Funny thing is, I had a strong feeling and fear from an early age (my teens) that this is exactly what it would be like when I got old. I’d be a loner like I’ve always been, except even more so. And, predictably also, I live too much in the past because, frankly, solitary old age can be pretty bleak, especially at Christmas. The past is where everything was, where life was lived with few thoughts of saggy and wrinkled skin, creeping old age, and mortality. The past was full of excitement, anticipation and an endless future. The present can have some or all of that, but for me, more likely, it means a lot of time time to reflect, with deep apprehension, the state of the country and the world, unimaginable prospects for the future with climate change, and the great imponderables and mysteries of life. This can be a call to action to combat the problems, or conversely it can all seem hopelessly depressing, depending on how much we think we need to know. Rose-tinted glasses don’t help.

Then there are the health issues and concerns. I read about someone who needed an ablation for a heart condition known as a-fib (atrial fibrillation). It’s a pretty major procedure, but sometimes it’s necessary. My mother had a-fib late in life when I was caring for her, and a bad attack of it once when she lost consciousness, scared the daylights out of me. Fortunately, she got stabilized with meds and the care of probably the best cardiologist in the area.

It’s only been during the four years since Mom passed that the holidays have become depressing for me. Not totally, but significantly.

In late November and into the first week of December every year, I get a little rush of holiday spirit and buy decorations such as snow globes that have Christmas carols, and pop-up Christmas cards just for myself. I make a Christmas village with Lemax houses and stores. I collect those truly beautiful and prized snowpeople figurines that Hallmark sells.

This year I bought a tiny tree at Walgreens and decorated it with equally tiny ornaments, about an inch in height. Where did I find them? On Amazon, of course. They came in a tiny box stuffed with little colorful Santa Clauses, candy canes, and miniature Christmas trees. They are very nice and cheery.

I’m looking at the tree now on a cold December night three days before Christmas, faintly smiling, reminiscing. Maybe I’ll go push a button and listen to “White Christmas” sung by the reindeer stuffed animal I bought on impulse a couple of weeks ago at Big Lots.

I’m looking at all the Christmas decorations as I write, wondering why on earth I went overboard this year. I guess the answer is partly that when you feel lonely and depressed, you buy things, at least I do.

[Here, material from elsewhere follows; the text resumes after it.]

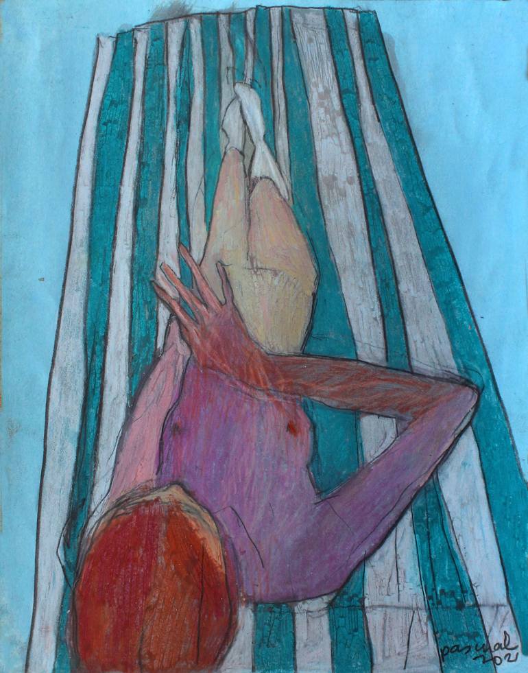 Hi, I'm an artist from Barcelona. My drawings serve as a visual diary of everyday life. After spending twelve years in the UK, primarily in London, I relocated to Copenhagen in 2023, where I currently live and work. Through my intimate drawings, I capture the quiet beauty of ordinary moments, depicting scenes of friends hanging out, messy kitchens, laundry baskets, and fleeting gestures—experiences in which the familiar reveals something unexpectedly vibrant. A recurring theme in my work is the presence of the human figure, especially women, depicted in introspective, intimate interior spaces. The interiors and figures often appear distorted, as if the image has been pulled from a corner, showcasing elastic, angular curvatures and specific focal points. These contemporary domestic spaces feature hallucinatory, elongated visual elements, creating an atmosphere of unreality. The characters inhabit a certain dreamy state, as if trapped in a transition within spaces characterized by penetrating perspectives and subdued, pale, yet colorful tones. My drawings are deeply expressive, emphasising the emotional and psychological aspects of the characters, where vigorous, rough black lines mingle with delicate, subtle moments. I work from both observation and memory, paying attention to small details that allow each line to convey the warmth of a lived moment. I primarily use coloured pencils and acrylics. Thank you for visiting and engaging with my work! I have participated in several Group Shows in London, Berlin and Barcelona. He has also been selected for various art prizes and competitions, including the Barcelona Ynglada-Guillot Drawing Prize (2007), the London VIA Art Prize (2020), the London Trinity Buoy Drawing Prize in 2021 and 2023, and the Berlin Fresh Legs (2022) organised by the Gallery Heike Arndt. Additionally, he has exhibited in Newcastle, UK, at The Biscuit Factory and in Møn, Denmark, at Liza's Gallery (2025).

For many years when I lived with my mother and took care of her as she declined slowly with dementia, I was, for part of that time, working full-time. I was also absorbed in keeping track of long-term care insurance which paid for six part-time home-aides, prepared many of Mom’s meals, took her vitals every morning, monitored her diabetes and gave her insulin shots, got her cleaned up and dressed and ready for each day, managed all her meds, and still found a little time, usually on weekends, to visit the nearby state park and gardens I love for an hour or so to take pictures. Those getaways were absolutely vital and restorative, precious times when I could clear my head for a short time. I was so busy that every day was super-charged into those proverbial “36-hour days” that dementia and Alzheimer’s caregivers experience.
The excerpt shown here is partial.